DESCRIPTION OF THE TASK -
Lines from the one with "Show moreIlluminate your" up to and including the one with "Fig. 1 Overview" are to be copied exactly from the records below, without their pictures.

RECORDED INFORMATION Block Start

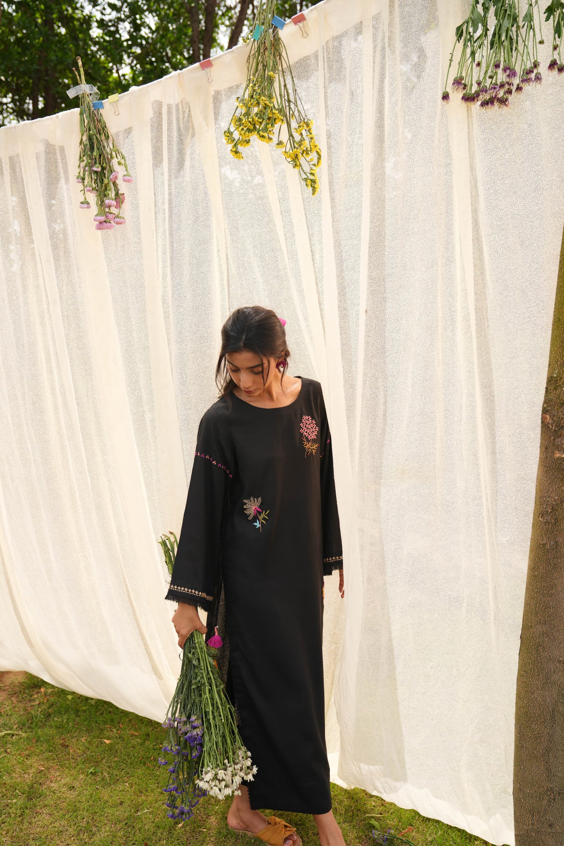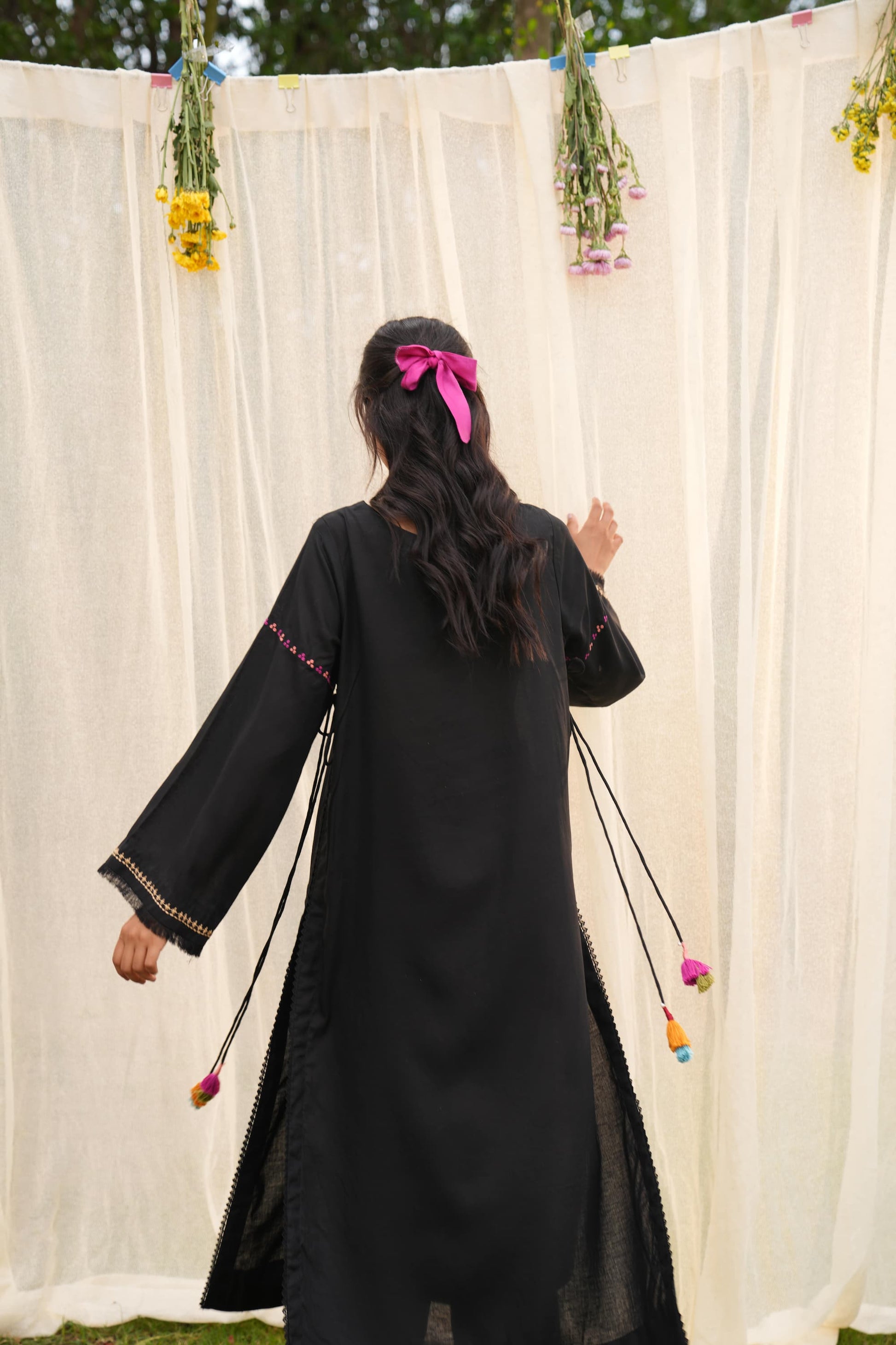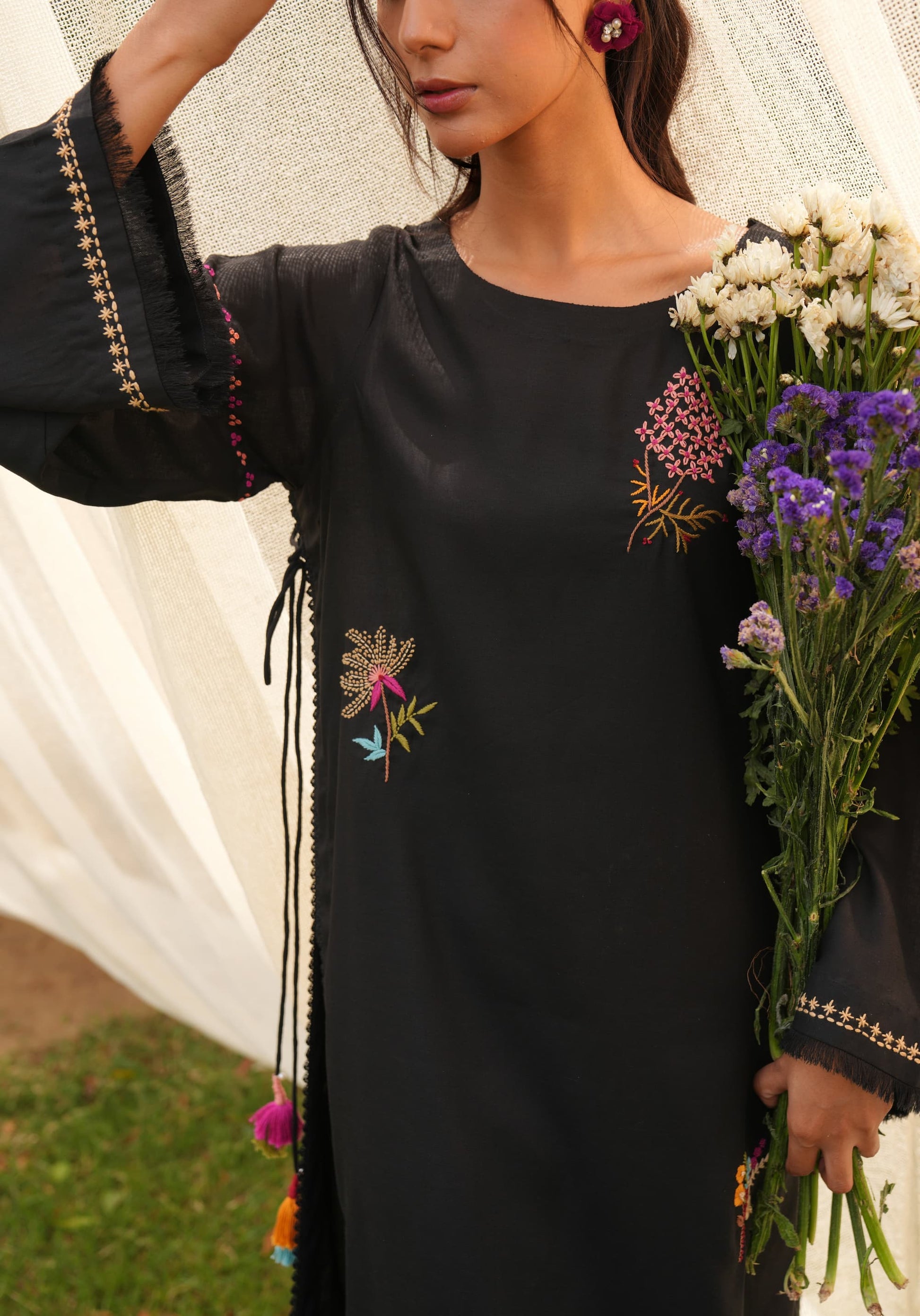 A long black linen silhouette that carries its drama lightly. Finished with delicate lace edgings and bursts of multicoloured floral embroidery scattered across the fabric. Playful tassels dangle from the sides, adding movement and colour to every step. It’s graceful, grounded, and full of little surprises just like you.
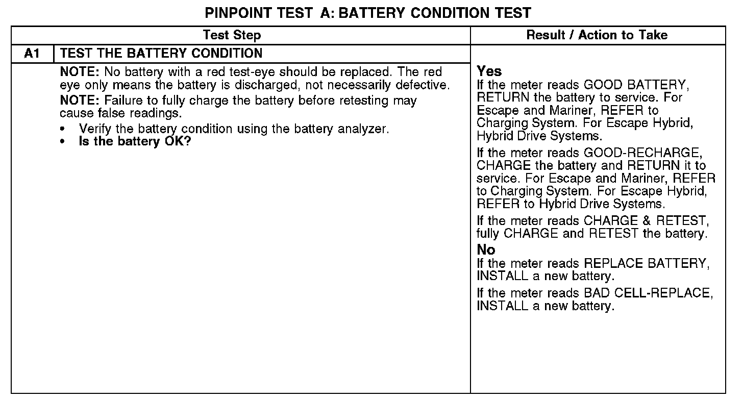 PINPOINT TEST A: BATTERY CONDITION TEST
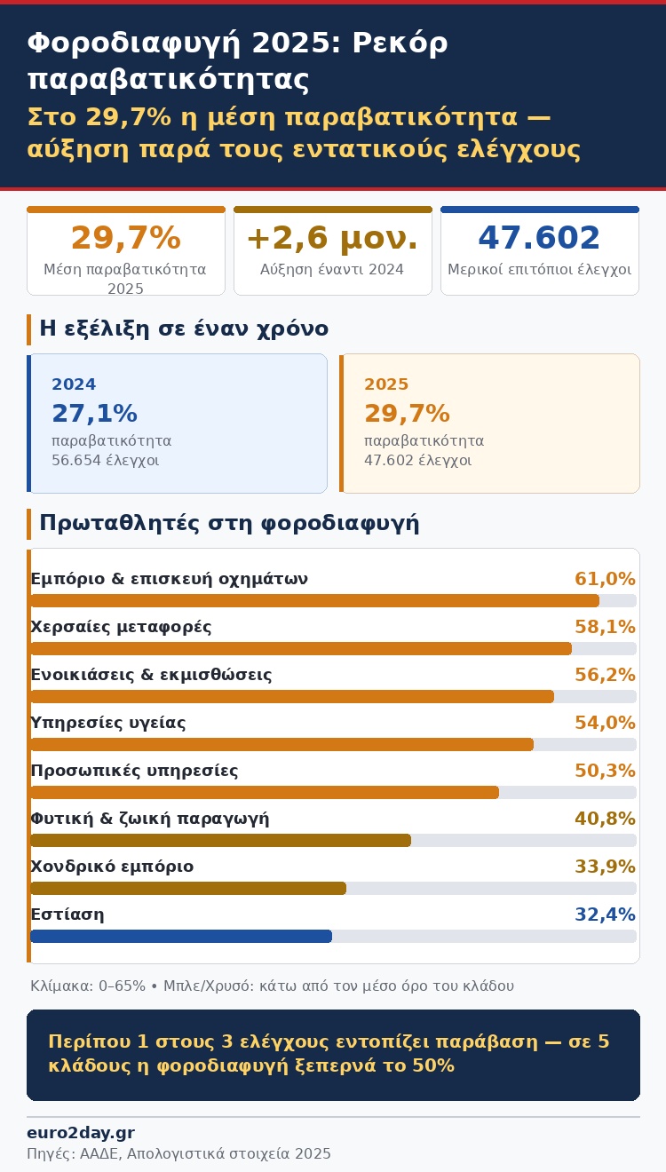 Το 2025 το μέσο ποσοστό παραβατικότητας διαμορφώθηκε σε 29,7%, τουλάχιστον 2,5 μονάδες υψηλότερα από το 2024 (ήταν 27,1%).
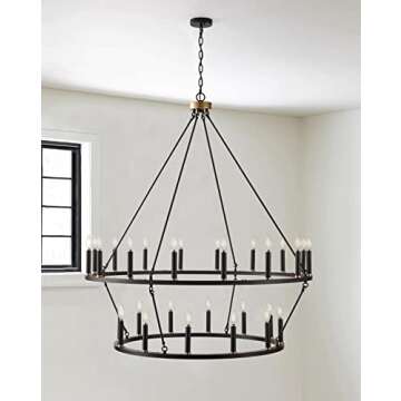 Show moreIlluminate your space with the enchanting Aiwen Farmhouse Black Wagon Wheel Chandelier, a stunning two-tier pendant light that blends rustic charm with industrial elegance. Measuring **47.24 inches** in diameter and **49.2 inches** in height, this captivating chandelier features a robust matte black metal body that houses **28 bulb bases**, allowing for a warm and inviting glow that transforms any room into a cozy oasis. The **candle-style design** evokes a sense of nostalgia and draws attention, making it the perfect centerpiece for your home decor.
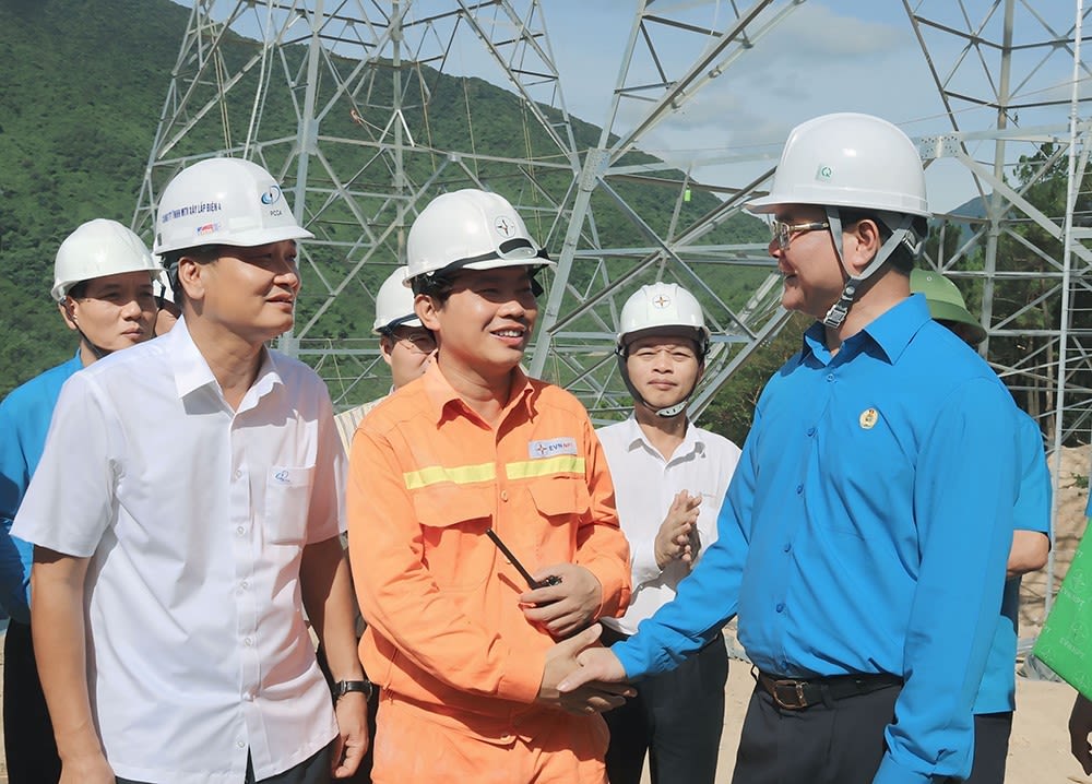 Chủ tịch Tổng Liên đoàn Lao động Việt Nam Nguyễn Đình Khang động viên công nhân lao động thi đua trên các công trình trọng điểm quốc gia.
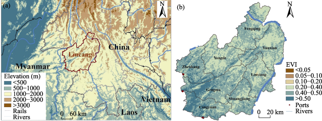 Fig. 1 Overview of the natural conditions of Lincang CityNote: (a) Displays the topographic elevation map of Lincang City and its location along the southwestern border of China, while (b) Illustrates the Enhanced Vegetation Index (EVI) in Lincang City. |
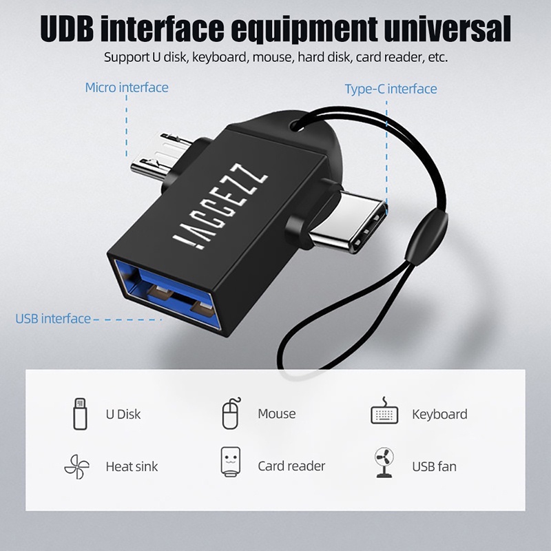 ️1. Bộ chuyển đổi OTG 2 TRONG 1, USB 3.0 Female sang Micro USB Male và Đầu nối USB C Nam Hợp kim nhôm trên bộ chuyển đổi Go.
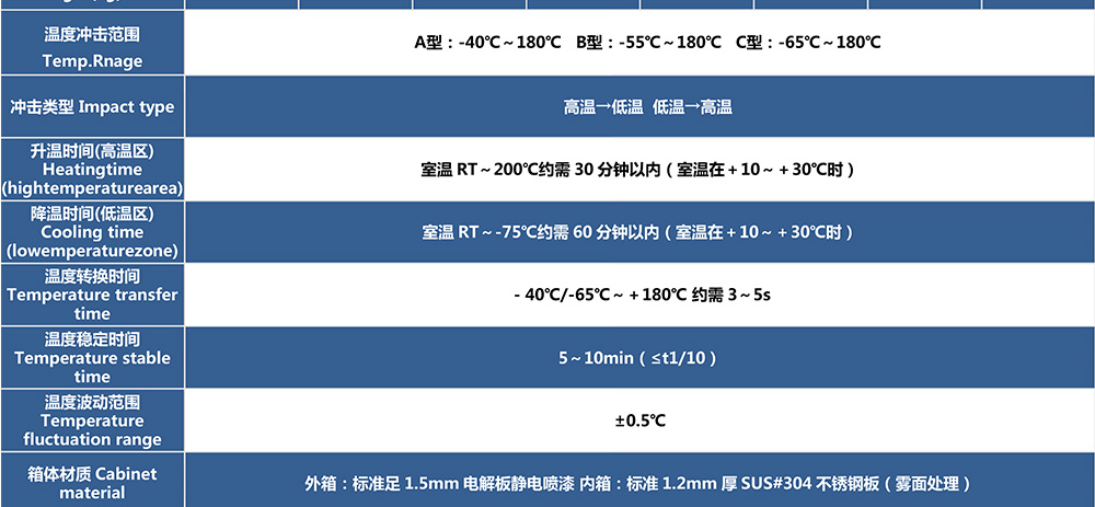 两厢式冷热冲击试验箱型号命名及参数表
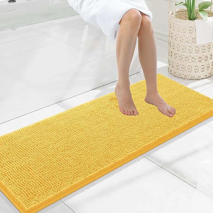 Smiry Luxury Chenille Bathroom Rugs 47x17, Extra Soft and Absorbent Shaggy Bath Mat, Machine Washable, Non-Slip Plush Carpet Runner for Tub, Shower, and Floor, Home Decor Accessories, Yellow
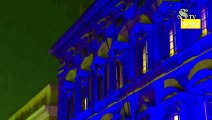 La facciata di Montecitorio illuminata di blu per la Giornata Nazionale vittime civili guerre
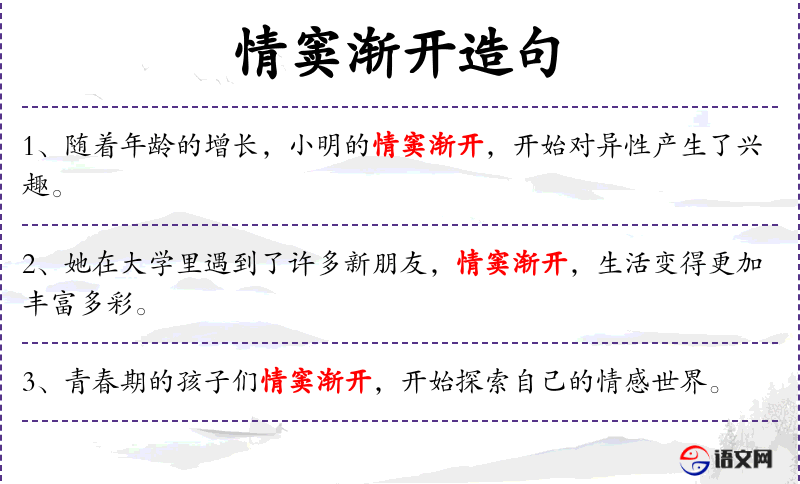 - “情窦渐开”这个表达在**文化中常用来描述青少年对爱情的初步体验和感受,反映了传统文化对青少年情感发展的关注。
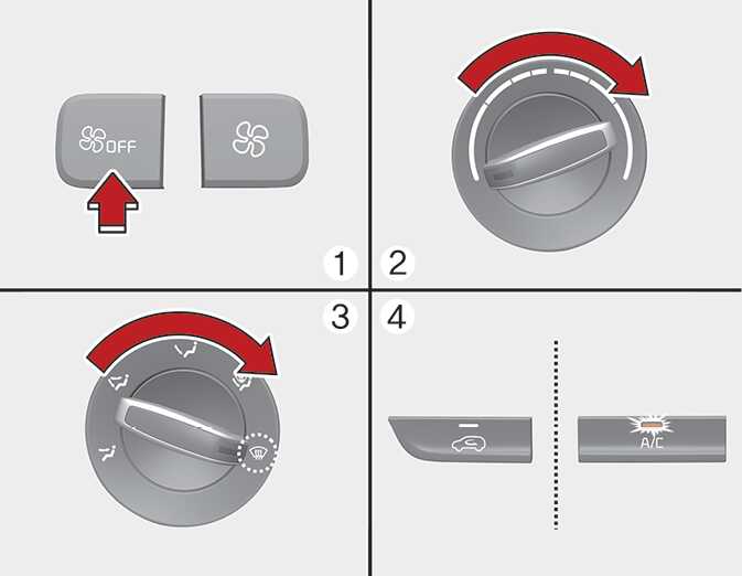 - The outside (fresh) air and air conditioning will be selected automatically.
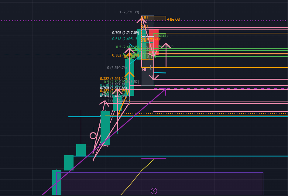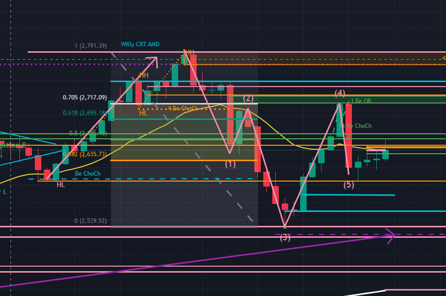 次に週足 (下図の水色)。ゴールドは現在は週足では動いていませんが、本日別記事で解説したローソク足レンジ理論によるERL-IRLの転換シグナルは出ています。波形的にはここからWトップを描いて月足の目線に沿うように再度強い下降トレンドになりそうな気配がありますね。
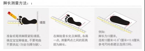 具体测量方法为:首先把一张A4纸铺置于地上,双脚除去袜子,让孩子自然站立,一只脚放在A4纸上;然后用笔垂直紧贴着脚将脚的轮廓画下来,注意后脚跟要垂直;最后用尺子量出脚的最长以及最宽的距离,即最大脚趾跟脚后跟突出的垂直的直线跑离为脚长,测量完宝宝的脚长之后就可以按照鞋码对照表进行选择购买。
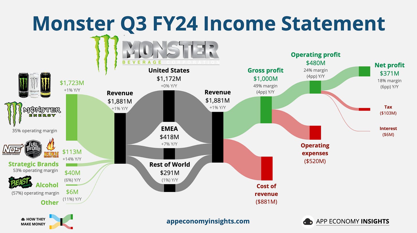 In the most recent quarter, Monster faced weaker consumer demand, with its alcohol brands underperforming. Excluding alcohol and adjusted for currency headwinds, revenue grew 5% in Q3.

RECORDED INFORMATION Block End

SOLUTION -
 Show moreIlluminate your space with the enchanting Aiwen Farmhouse Black Wagon Wheel Chandelier, a stunning two-tier pendant light that blends rustic charm with industrial elegance. Measuring **47.24 inches** in diameter and **49.2 inches** in height, this captivating chandelier features a robust matte black metal body that houses **28 bulb bases**, allowing for a warm and inviting glow that transforms any room into a cozy oasis. The **candle-style design** evokes a sense of nostalgia and draws attention, making it the perfect centerpiece for your home decor.
 Chủ tịch Tổng Liên đoàn Lao động Việt Nam Nguyễn Đình Khang động viên công nhân lao động thi đua trên các công trình trọng điểm quốc gia.
 Fig. 1 Overview of the natural conditions of Lincang CityNote: (a) Displays the topographic elevation map of Lincang City and its location along the southwestern border of China, while (b) Illustrates the Enhanced Vegetation Index (EVI) in Lincang City. |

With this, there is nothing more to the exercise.